▶ Problem description
In the copy, leave out the pictures and repeat all records exactly.

──────── Provided material ────────

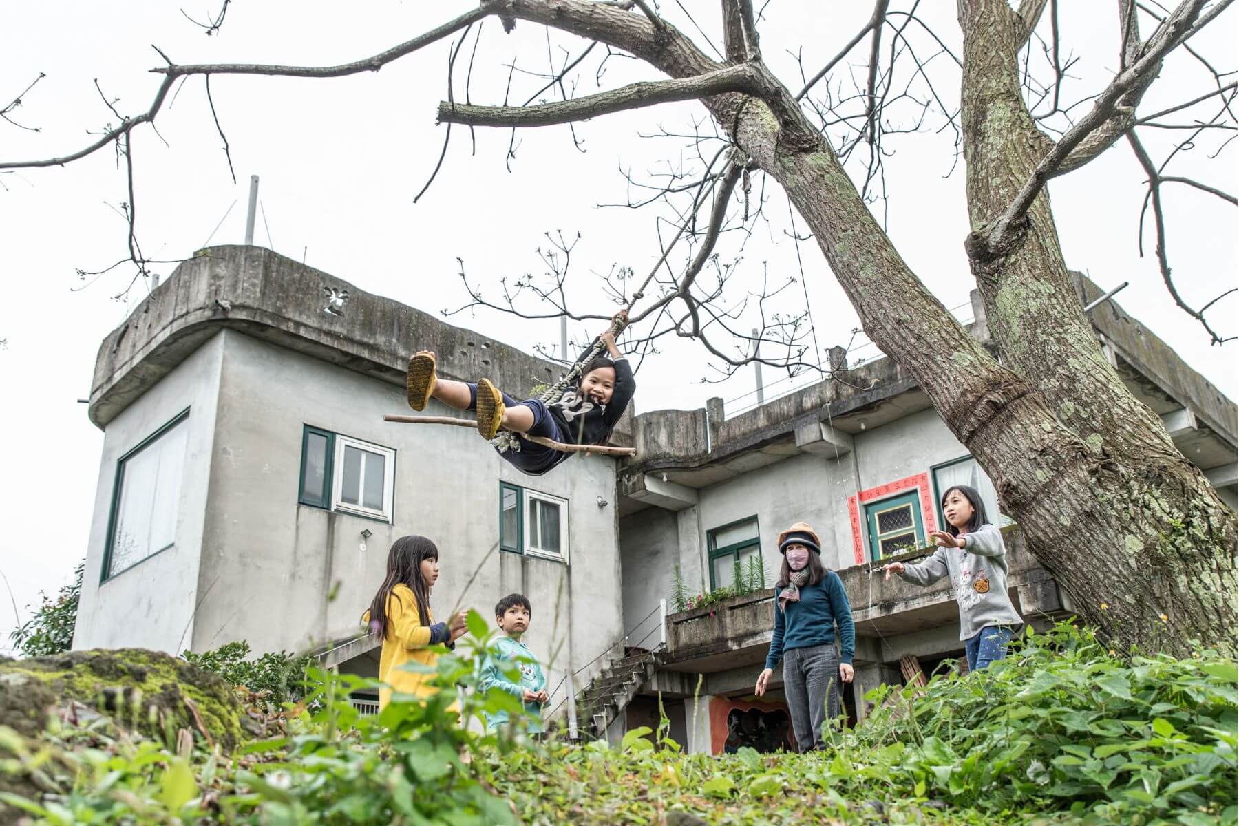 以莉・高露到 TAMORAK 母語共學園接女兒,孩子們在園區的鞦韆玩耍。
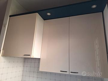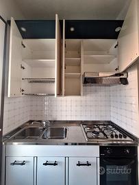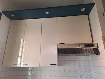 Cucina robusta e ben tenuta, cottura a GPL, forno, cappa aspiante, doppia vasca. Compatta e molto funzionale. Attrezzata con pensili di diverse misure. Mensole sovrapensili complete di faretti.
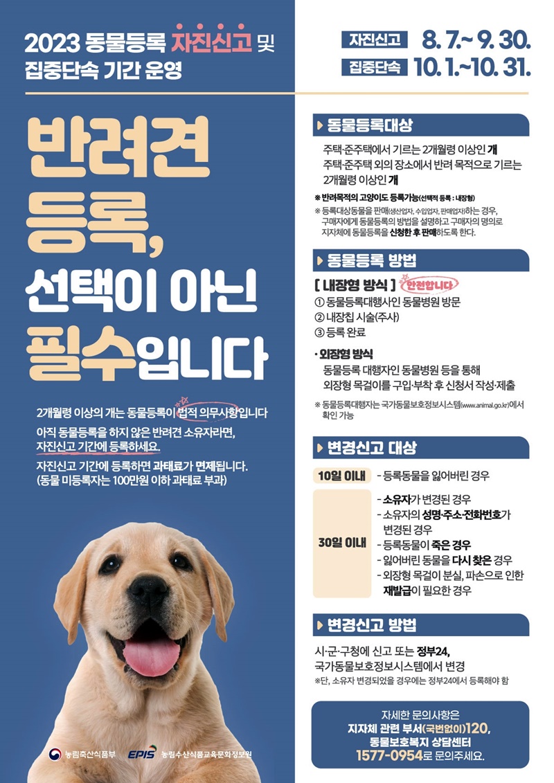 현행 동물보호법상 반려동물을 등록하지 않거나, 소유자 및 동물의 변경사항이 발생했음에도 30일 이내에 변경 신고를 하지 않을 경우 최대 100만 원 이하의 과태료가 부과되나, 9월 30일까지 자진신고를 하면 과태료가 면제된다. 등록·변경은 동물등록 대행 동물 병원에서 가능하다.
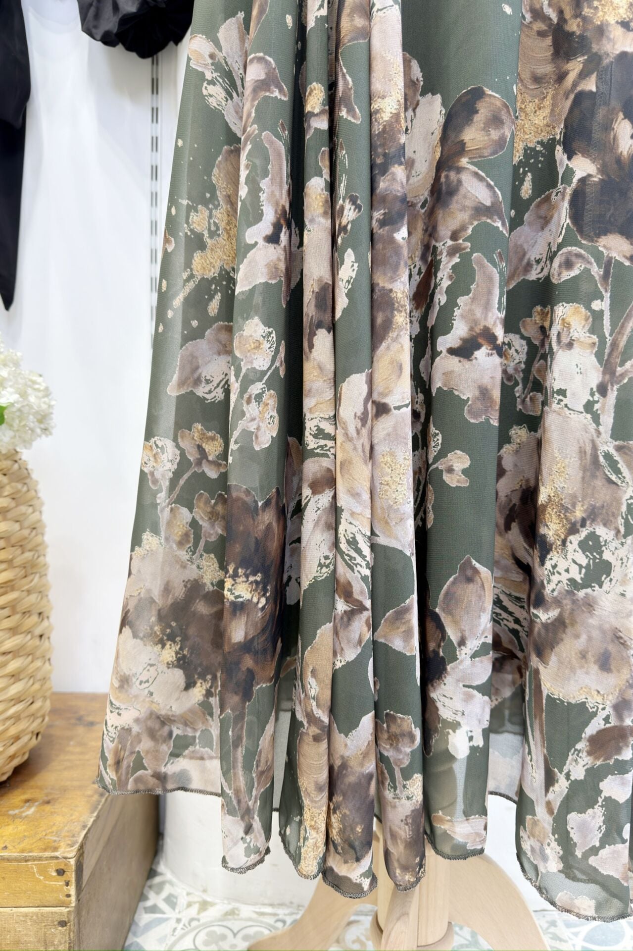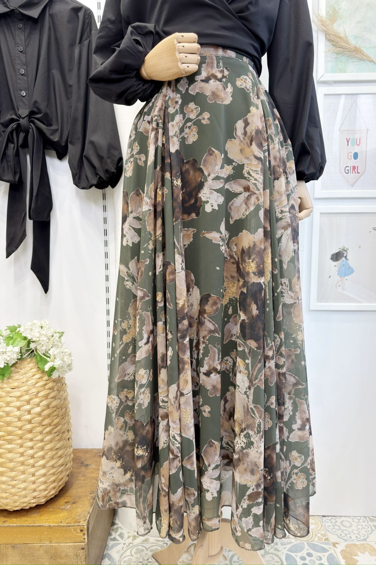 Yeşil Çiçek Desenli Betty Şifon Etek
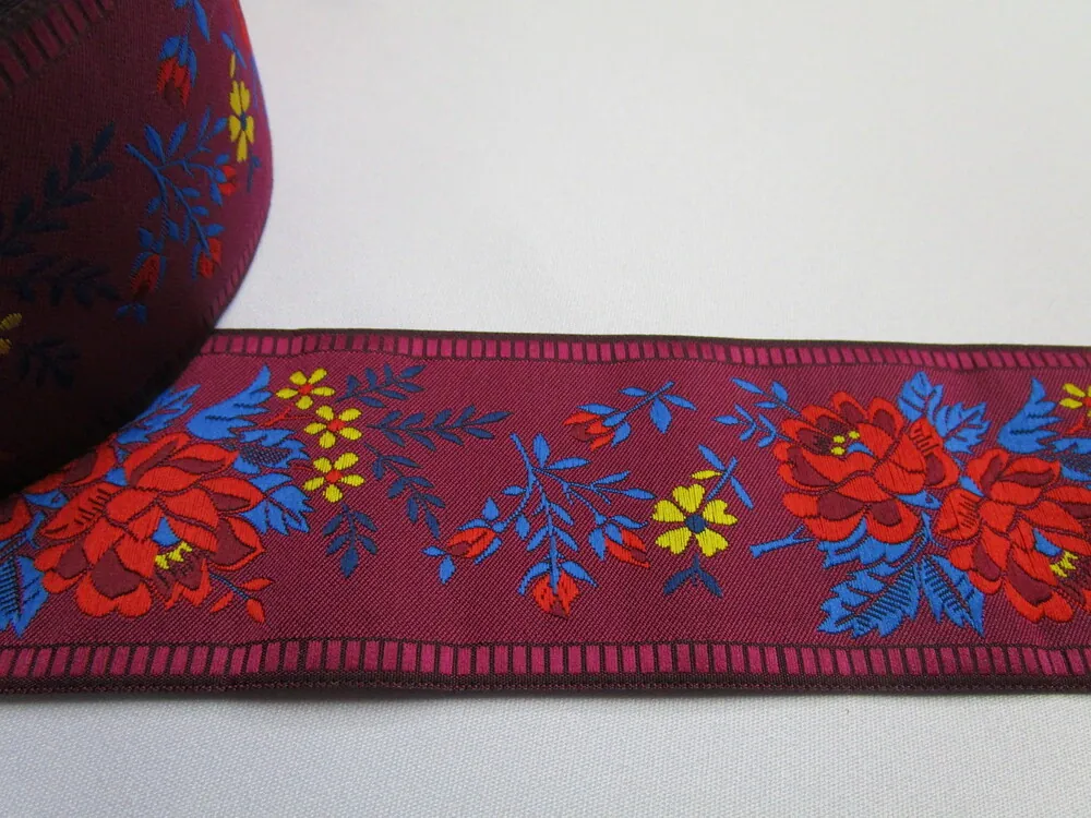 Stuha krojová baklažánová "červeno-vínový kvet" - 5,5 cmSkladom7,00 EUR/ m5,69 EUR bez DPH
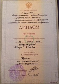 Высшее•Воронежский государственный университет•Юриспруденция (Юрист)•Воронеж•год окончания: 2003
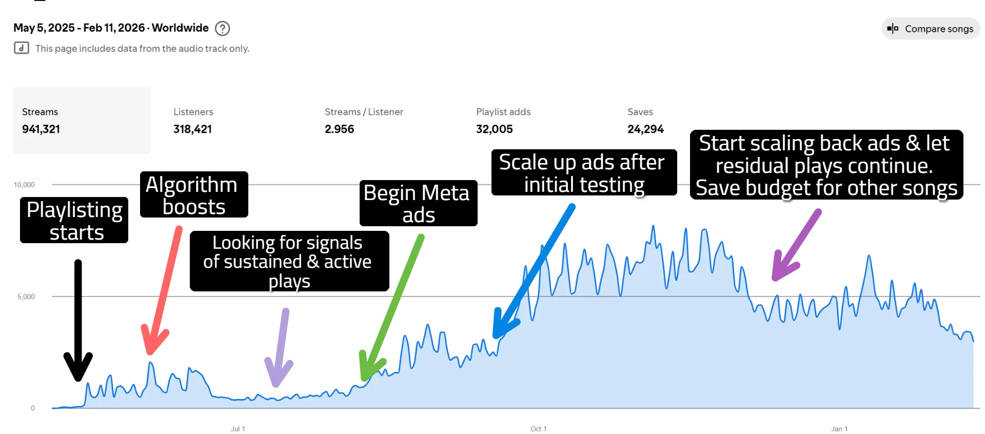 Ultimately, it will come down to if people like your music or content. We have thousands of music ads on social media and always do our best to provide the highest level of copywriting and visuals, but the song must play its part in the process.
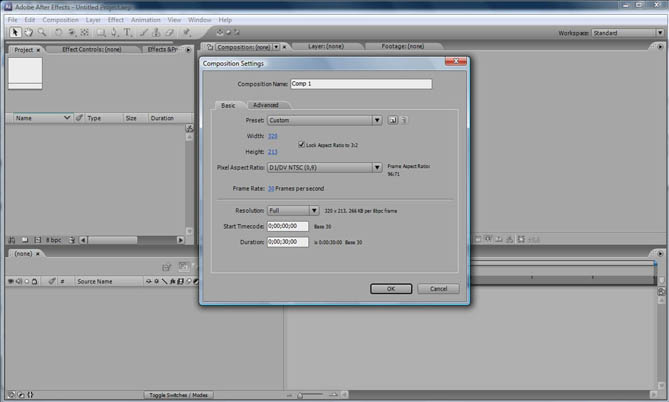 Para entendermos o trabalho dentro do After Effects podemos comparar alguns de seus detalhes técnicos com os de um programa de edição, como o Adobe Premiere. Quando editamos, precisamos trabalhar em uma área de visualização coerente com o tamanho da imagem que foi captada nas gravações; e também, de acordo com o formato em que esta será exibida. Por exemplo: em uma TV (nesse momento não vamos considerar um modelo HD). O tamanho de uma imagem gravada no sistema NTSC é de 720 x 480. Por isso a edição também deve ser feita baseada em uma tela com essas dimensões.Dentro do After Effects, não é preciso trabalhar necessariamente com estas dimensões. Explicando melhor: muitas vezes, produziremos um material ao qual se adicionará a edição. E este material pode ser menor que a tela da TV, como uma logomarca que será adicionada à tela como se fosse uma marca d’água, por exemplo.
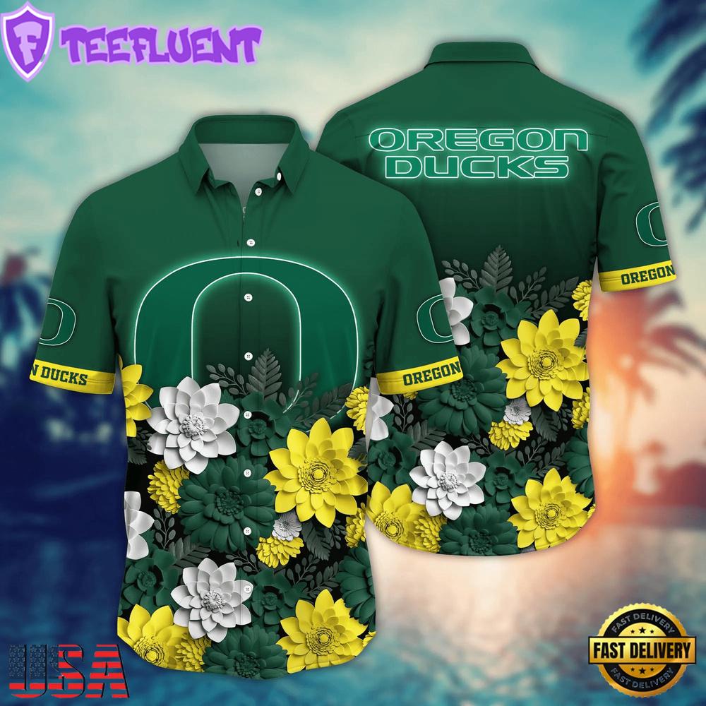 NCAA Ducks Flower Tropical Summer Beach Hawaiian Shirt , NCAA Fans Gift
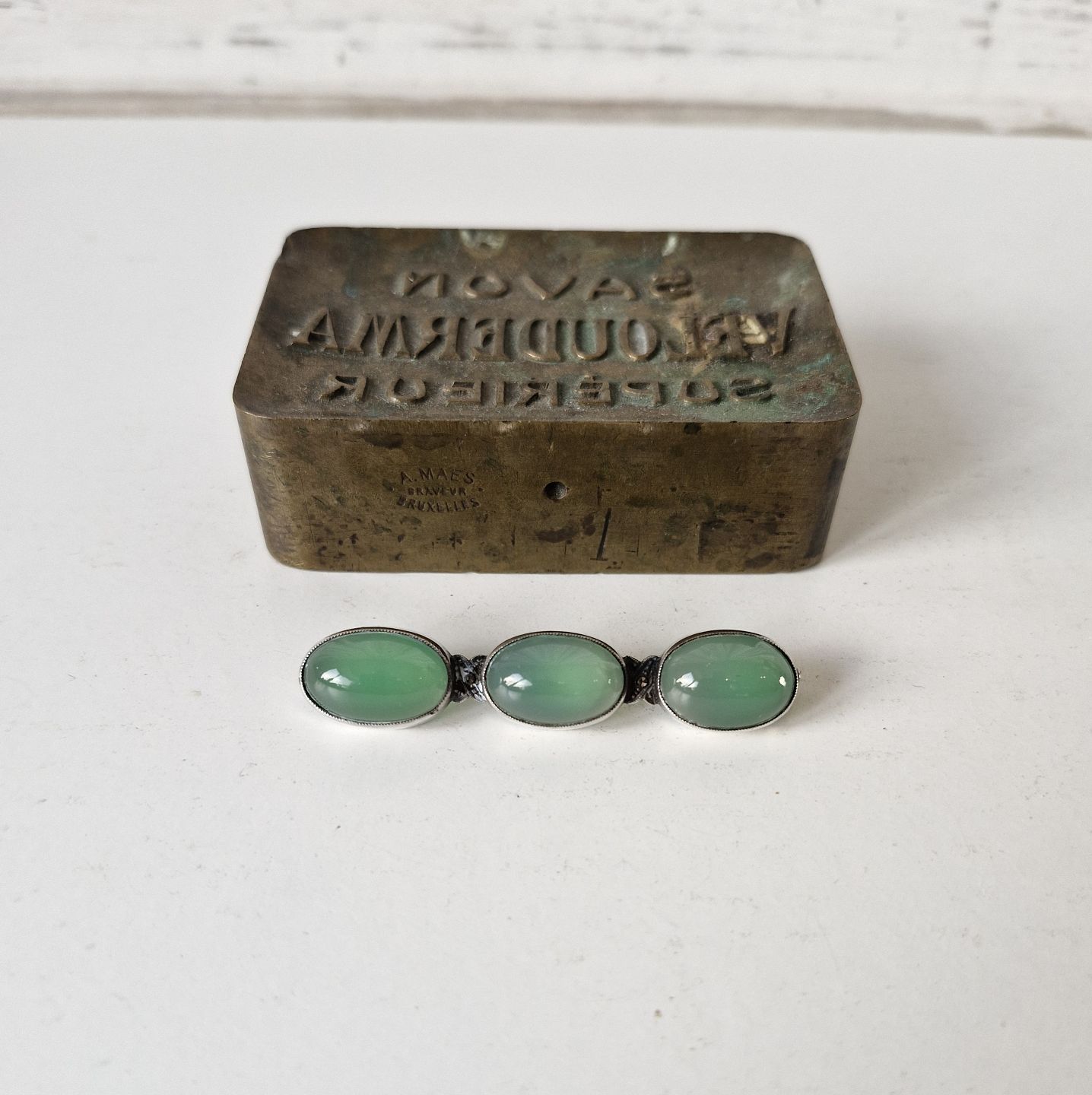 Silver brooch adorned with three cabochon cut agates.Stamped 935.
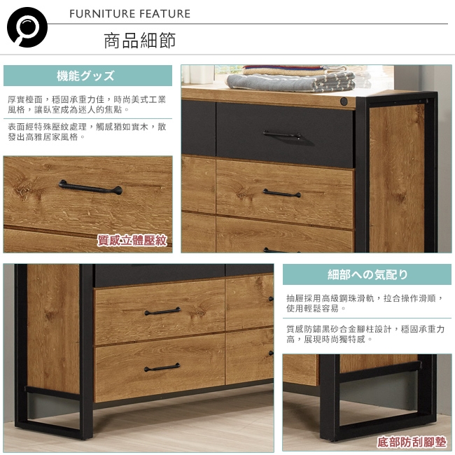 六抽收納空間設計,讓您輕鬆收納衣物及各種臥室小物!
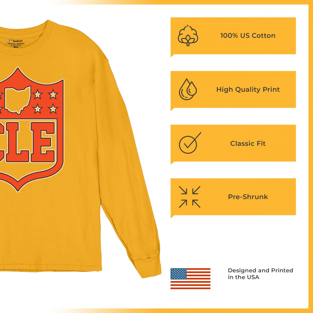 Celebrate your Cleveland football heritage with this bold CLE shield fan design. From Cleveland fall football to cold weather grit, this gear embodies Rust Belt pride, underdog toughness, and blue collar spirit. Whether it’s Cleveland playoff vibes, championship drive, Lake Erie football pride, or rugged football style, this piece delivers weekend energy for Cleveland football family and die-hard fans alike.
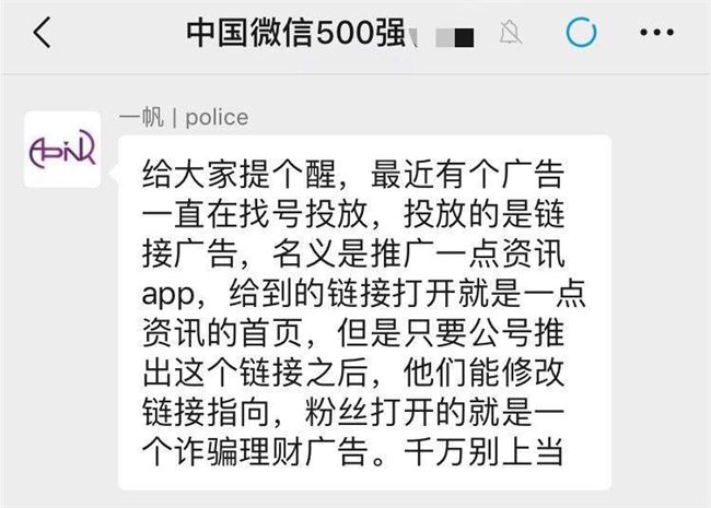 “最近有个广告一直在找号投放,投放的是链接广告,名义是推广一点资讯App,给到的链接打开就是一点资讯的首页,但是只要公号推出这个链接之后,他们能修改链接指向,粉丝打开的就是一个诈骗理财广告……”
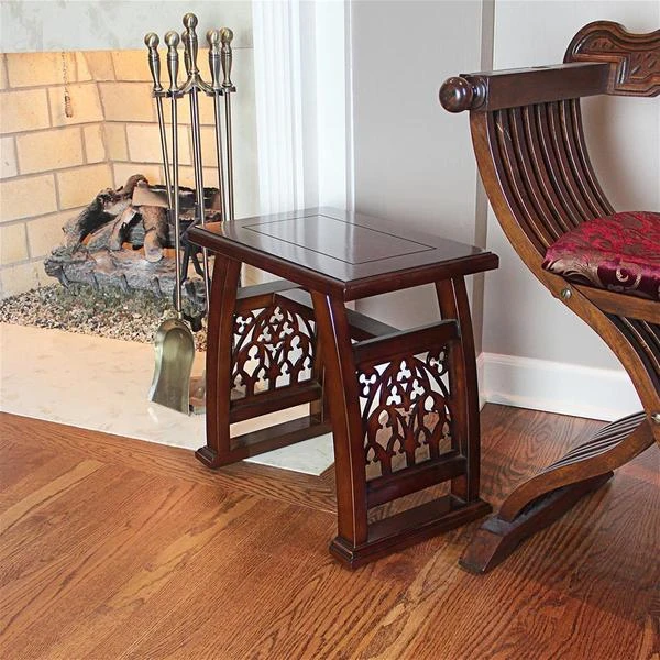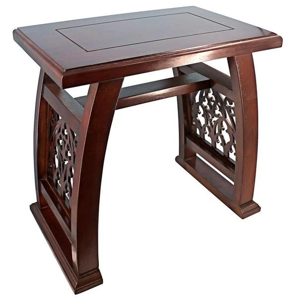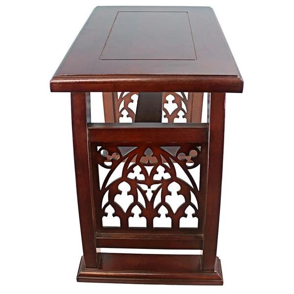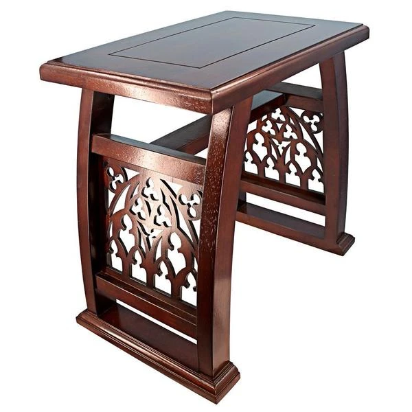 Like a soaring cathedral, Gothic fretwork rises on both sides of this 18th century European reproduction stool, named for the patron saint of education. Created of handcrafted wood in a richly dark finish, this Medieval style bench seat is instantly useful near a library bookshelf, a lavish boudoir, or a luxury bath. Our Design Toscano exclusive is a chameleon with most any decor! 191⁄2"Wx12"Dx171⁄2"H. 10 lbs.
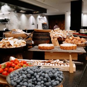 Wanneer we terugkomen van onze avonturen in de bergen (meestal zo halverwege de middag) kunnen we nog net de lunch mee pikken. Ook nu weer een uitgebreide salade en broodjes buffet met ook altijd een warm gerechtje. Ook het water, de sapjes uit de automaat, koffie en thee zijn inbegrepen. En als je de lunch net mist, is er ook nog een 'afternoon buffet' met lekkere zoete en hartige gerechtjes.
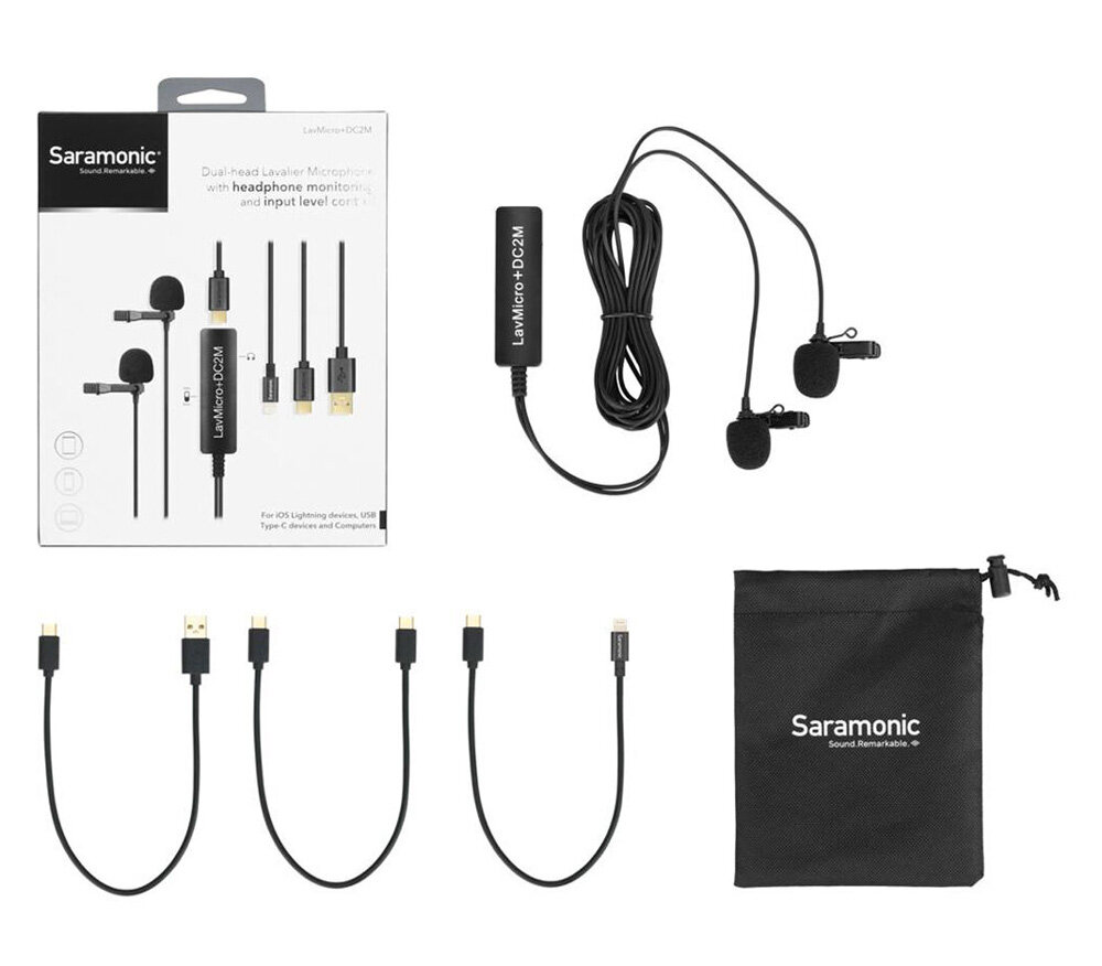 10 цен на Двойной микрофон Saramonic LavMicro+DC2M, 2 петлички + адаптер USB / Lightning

────────

▶ Exercise result
 以莉・高露到 TAMORAK 母語共學園接女兒,孩子們在園區的鞦韆玩耍。
 Cucina robusta e ben tenuta, cottura a GPL, forno, cappa aspiante, doppia vasca. Compatta e molto funzionale. Attrezzata con pensili di diverse misure. Mensole sovrapensili complete di faretti.
 현행 동물보호법상 반려동물을 등록하지 않거나, 소유자 및 동물의 변경사항이 발생했음에도 30일 이내에 변경 신고를 하지 않을 경우 최대 100만 원 이하의 과태료가 부과되나, 9월 30일까지 자진신고를 하면 과태료가 면제된다. 등록·변경은 동물등록 대행 동물 병원에서 가능하다.
 Yeşil Çiçek Desenli Betty Şifon Etek
 Stuha krojová baklažánová "červeno-vínový kvet" - 5,5 cmSkladom7,00 EUR/ m5,69 EUR bez DPH
 Высшее•Воронежский государственный университет•Юриспруденция (Юрист)•Воронеж•год окончания: 2003
 Ultimately, it will come down to if people like your music or content. We have thousands of music ads on social media and always do our best to provide the highest level of copywriting and visuals, but the song must play its part in the process.
 Para entendermos o trabalho dentro do After Effects podemos comparar alguns de seus detalhes técnicos com os de um programa de edição, como o Adobe Premiere. Quando editamos, precisamos trabalhar em uma área de visualização coerente com o tamanho da imagem que foi captada nas gravações; e também, de acordo com o formato em que esta será exibida. Por exemplo: em uma TV (nesse momento não vamos considerar um modelo HD). O tamanho de uma imagem gravada no sistema NTSC é de 720 x 480. Por isso a edição também deve ser feita baseada em uma tela com essas dimensões.Dentro do After Effects, não é preciso trabalhar necessariamente com estas dimensões. Explicando melhor: muitas vezes, produziremos um material ao qual se adicionará a edição. E este material pode ser menor que a tela da TV, como uma logomarca que será adicionada à tela como se fosse uma marca d’água, por exemplo.
 NCAA Ducks Flower Tropical Summer Beach Hawaiian Shirt , NCAA Fans Gift
 Silver brooch adorned with three cabochon cut agates.Stamped 935.
 六抽收納空間設計,讓您輕鬆收納衣物及各種臥室小物!
 Celebrate your Cleveland football heritage with this bold CLE shield fan design. From Cleveland fall football to cold weather grit, this gear embodies Rust Belt pride, underdog toughness, and blue collar spirit. Whether it’s Cleveland playoff vibes, championship drive, Lake Erie football pride, or rugged football style, this piece delivers weekend energy for Cleveland football family and die-hard fans alike.
 “最近有个广告一直在找号投放,投放的是链接广告,名义是推广一点资讯App,给到的链接打开就是一点资讯的首页,但是只要公号推出这个链接之后,他们能修改链接指向,粉丝打开的就是一个诈骗理财广告……”
 Like a soaring cathedral, Gothic fretwork rises on both sides of this 18th century European reproduction stool, named for the patron saint of education. Created of handcrafted wood in a richly dark finish, this Medieval style bench seat is instantly useful near a library bookshelf, a lavish boudoir, or a luxury bath. Our Design Toscano exclusive is a chameleon with most any decor! 191⁄2"Wx12"Dx171⁄2"H. 10 lbs.
 Wanneer we terugkomen van onze avonturen in de bergen (meestal zo halverwege de middag) kunnen we nog net de lunch mee pikken. Ook nu weer een uitgebreide salade en broodjes buffet met ook altijd een warm gerechtje. Ook het water, de sapjes uit de automaat, koffie en thee zijn inbegrepen. En als je de lunch net mist, is er ook nog een 'afternoon buffet' met lekkere zoete en hartige gerechtjes.
 10 цен на Двойной микрофон Saramonic LavMicro+DC2M, 2 петлички + адаптер USB / Lightning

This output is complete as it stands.